Energy Efficiency and Robustness of Advanced Machine Learning Architectures

Energy Efficiency and Robustness of Advanced Machine Learning Architectures
Author: Alberto Marchisio
Publisher:
Total Pages: 0
Release: 2024-11-26
Genre: Computers
ISBN: 9781032855509

Download Energy Efficiency and Robustness of Advanced Machine Learning Architectures Book in PDF, ePub and Kindle

This book tackles these challenges by exploiting the unique features of advanced ML models and investigates cross-layer concepts and techniques to engage both hardware and software-level methods to build robust and energy-efficient architectures for these advanced ML networks.

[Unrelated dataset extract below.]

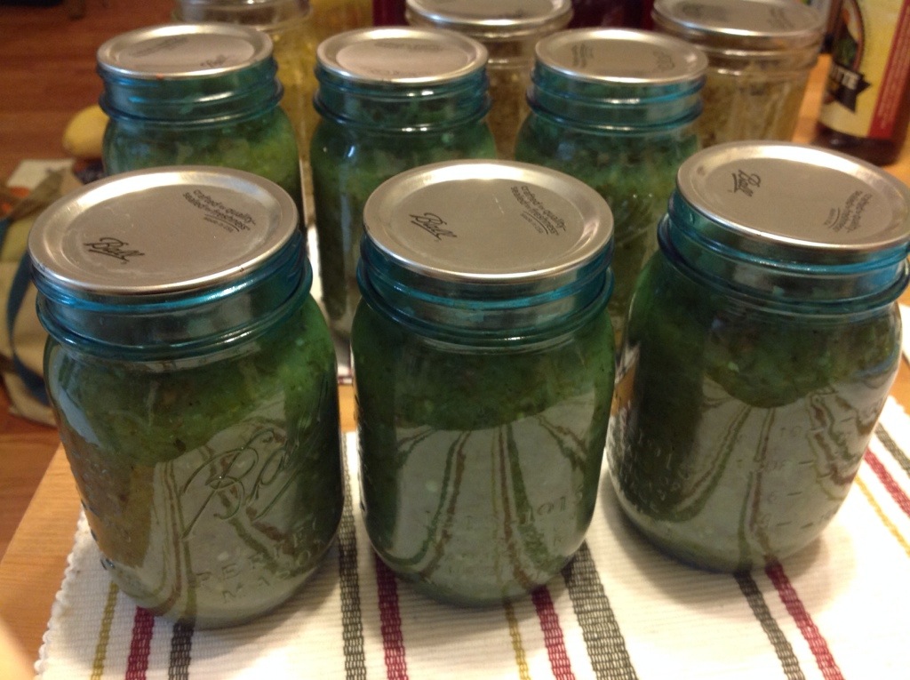 After 15 minutes, turn off the heat, remove canner lid, wait 5 minutes and remove the jars to a hot pad or towel. After 12-24 hours remove bands, check seals, label and store! Recipe yields 5 pints.

Design and Generation of Efficient Hardware Accelerators for Sparse and Dense Tensor Computations

Design and Generation of Efficient Hardware Accelerators for Sparse and Dense Tensor Computations
Author: Nitish Kumar Srivastava
Publisher:
Total Pages: 140
Release: 2020
Genre:
ISBN:

Download Design and Generation of Efficient Hardware Accelerators for Sparse and Dense Tensor Computations Book in PDF, ePub and Kindle

Tensor algebra lives at the heart of big data applications. Where classical machine learning techniques such as embedding generation in recommender systems, dimensionality reduction and latent Dirichlet allocation make use of multi-dimensional tensor factorizations, deep learning techniques such as convolutional neural networks, recurrent neural networks and graph learning use tensor computations primarily in the form of matrix-matrix and matrix-vector multiplications. The tensor computations often used in many of these fields operate on sparse data where most of the elements are zeros. Traditionally, tensor computations have been performed on CPUs and GPUs, both of which have low energy-efficiency as they allocate excessive hardware resources to flexibly support various workloads. However, with the end of Moore's law and Dennard scaling, one can no longer expect more and faster transistors for the same dollar and power budget. This has led to an ever-growing need for energy-efficient and high-performance hardware that has resulted in a recent surge of interest in application-specific, domain-specific and behavior-specific accelerators, which sacrifice generality for higher performance and energy efficiency. In this dissertation, I explore hardware specialization for tensor computations by building programmable accelerators. A central theme in my dissertation is determining common spatial optimizations, computation and memory access patterns, and building efficient storage formats and hardware for tensor computations. First, I present T2S-Tensor, a language and compilation framework for productively generating high-performance systolic arrays for dense tensor computations. Then I present a versatile accelerator, Tensaurus, that can accelerate both dense and mixed sparse-dense tensor computations. Here, I also introduce a new sparse storage format that allows accessing sparse data in a vectorized and streaming fashion and thus achieves high memory bandwidth utilization for sparse tensor kernels. Finally, I present a novel sparse-sparse matrix multiplication accelerator, MatRaptor, designed using a row-wise product approach. I also show how these different hardware specialization techniques outperform CPUs, GPUs and state-of-the-art accelerators in both energy efficiency and performance.